Need to know what your taking? How much you taking?

Are you doing excessive cardio?

Need more information!


----------



## MRSTRONG (Apr 18, 2009)

platyphylla said:


> Eating more doesn't put weight on people? LOL ok.


not if the energy expended is greater than or the same as the energy input ....


----------



## ableton (May 24, 2013)

Thanks everyone. To be honest, i've probably been over training. Out of pure boredom, plus i teach boxing two nights a week. I'll try and cut it down a bit!


----------



## mrwright (Oct 22, 2013)

ewen said:


> not if the energy expended is greater than or the same as the energy input ....

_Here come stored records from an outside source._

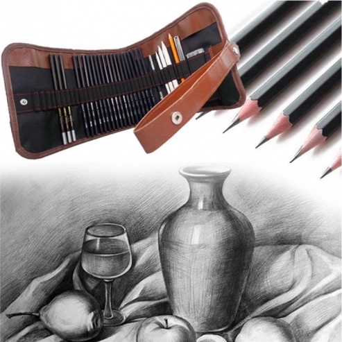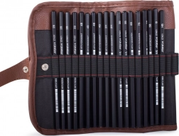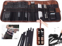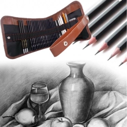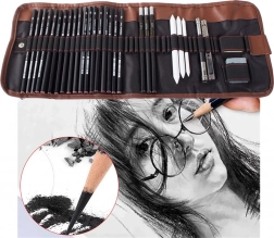 Dette professionelt sammensatte sæt tilbyder et bredt udvalg af blyanthårdheder fra 8B til 2H samt kvalitets trækul i tre hårdhedsgrader. Med det rige udvalg af værktøjer skaber du nemt markante skygger, fine skraveringer og skarpe konturer. Grafit blendes let og gør det muligt hurtigt at udfylde flader, mens hårdere blyanter sikrer præcise tekniske linjer.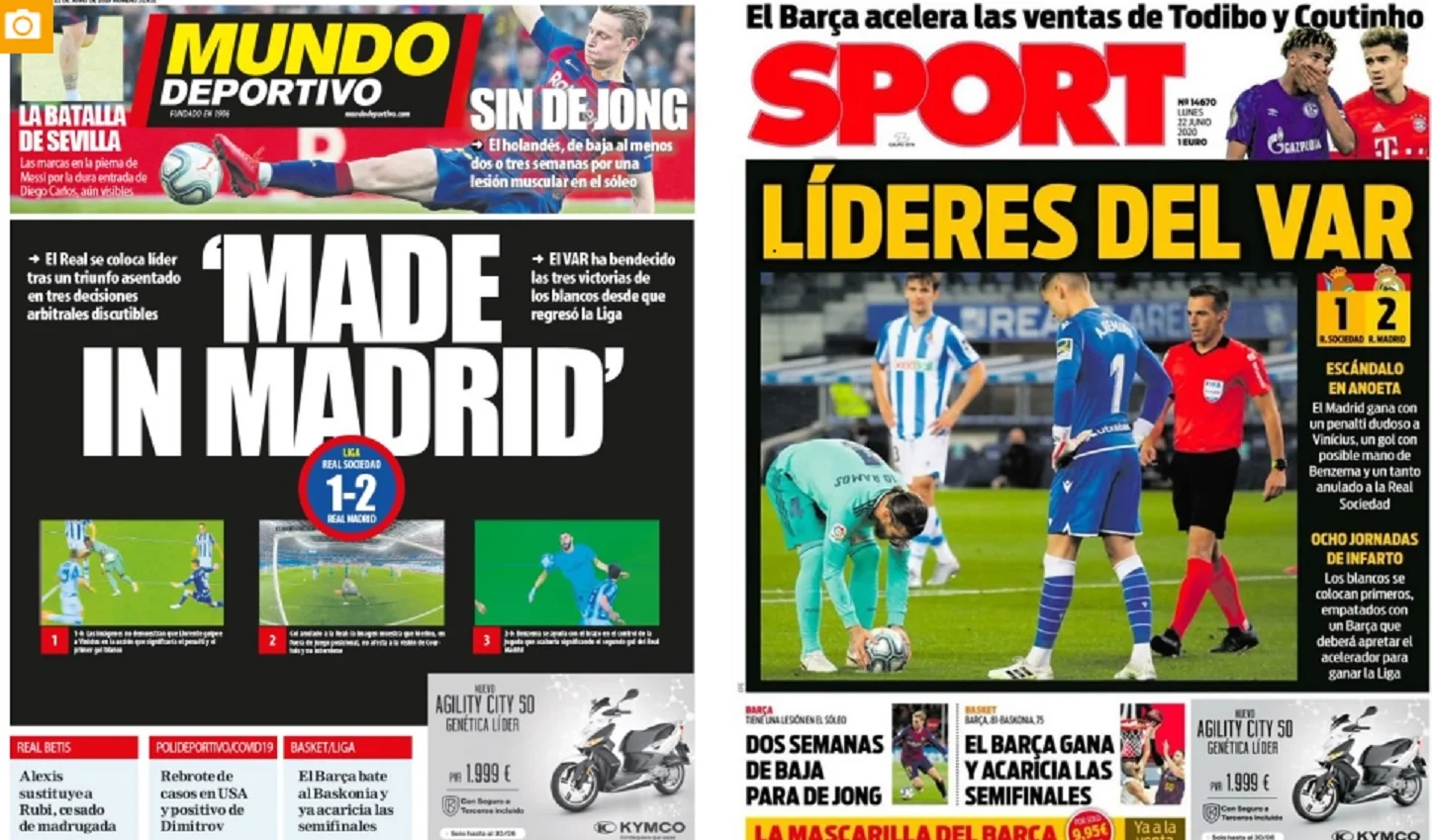 Diario SPORT розповідає про "лідерів VAR". Друга за популярністю спортивна газета Каталонії, крім трьох найбільш обговорюваних моментів, обурюється діями Каземіро, який ліктем перевірив на міцність щелепу суперника. Той епізод, можливо, заслуговував інтервенції відеоасистента з прямою червоною, тоді як Естрада Фернандес обмежився жовтою карткою.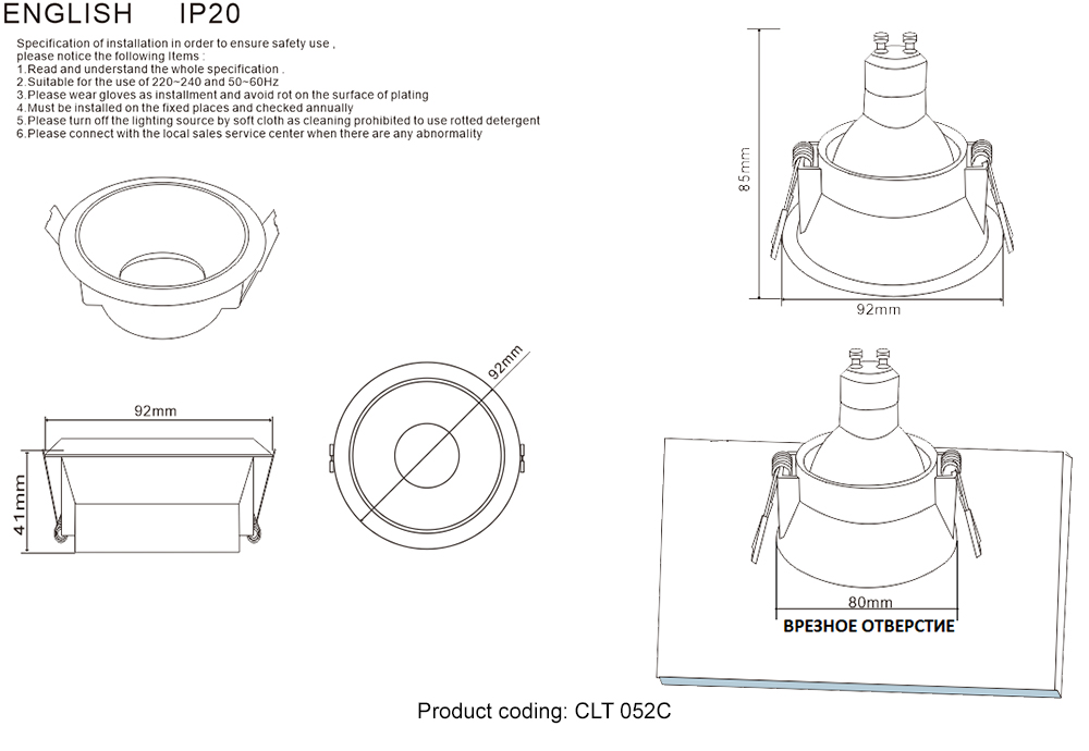 CRYSTAL LUX Светильник встраиваемый CLT 052C WH-GO 064.010 92x41mm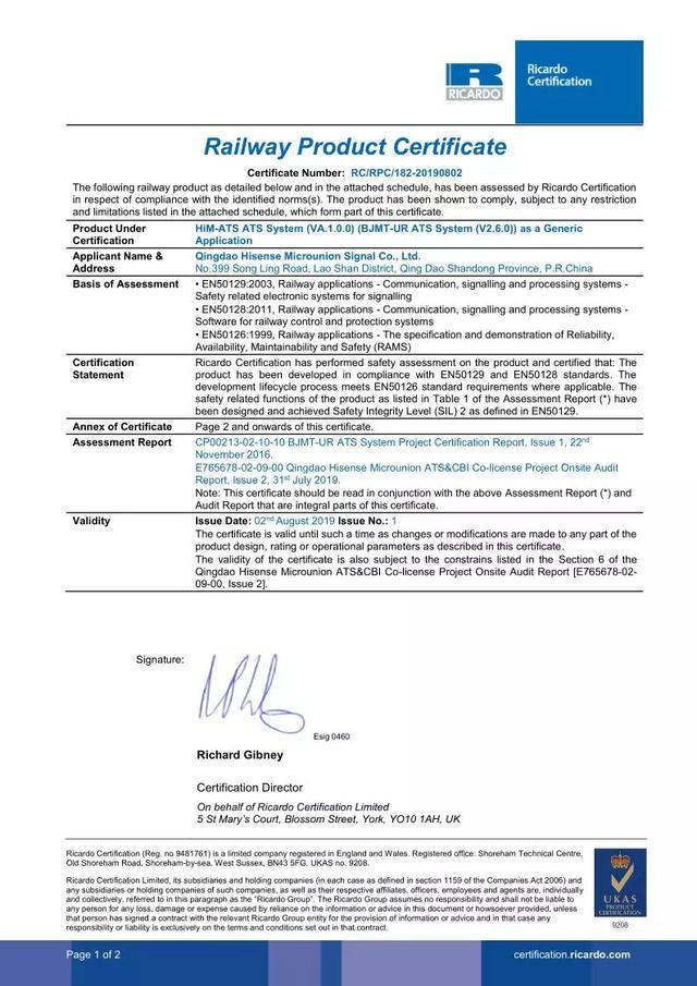 圖 | 信號系統(tǒng)SIL認(rèn)證證書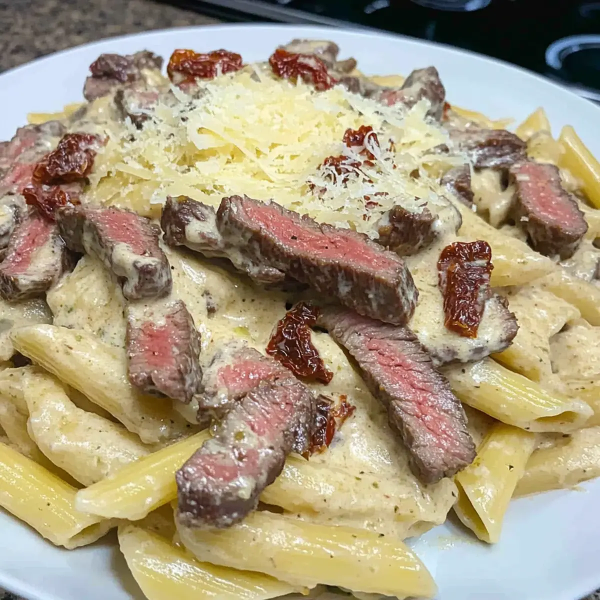 Pasta Shapes: While rigatoni is a classic, try experimenting with other pasta shapes like penne or fettuccine for a unique twist on texture. Each shape can bring a new experience to your creamy steak pasta.

Then eat more until energy in is more than energy out

If he needs say 5000 as a base so is 500 over then does cardio et that burns off that 500 eating 6000 would mean he has that calorie surplus again..


----------



## MRSTRONG (Apr 18, 2009)

mrwright said:


> Then eat more until energy in is more than energy out
> 
> If he needs say 5000 as a base so is 500 over then does cardio et that burns off that 500 eating 6000 would mean he has that calorie surplus again..


He's just pointed out he's overtraining , if he eats more he'll have more energy and overtrain further :lol:


----------



## mrwright (Oct 22, 2013)

ewen said:


> He's just pointed out he's overtraining , if he eats more he'll have more energy and overtrain further :lol:


Or have enough energy that his current "overtraining" would just be "training"


----------



## MRSTRONG (Apr 18, 2009)

mrwright said:


> Or have enough energy that his current "overtraining" would just be "training"


thank you for telling me how to gain weight :lol:


----------



## mrwright (Oct 22, 2013)

ewen said:


> thank you for telling me how to gain weight :lol:


No problem happy to help chap


----------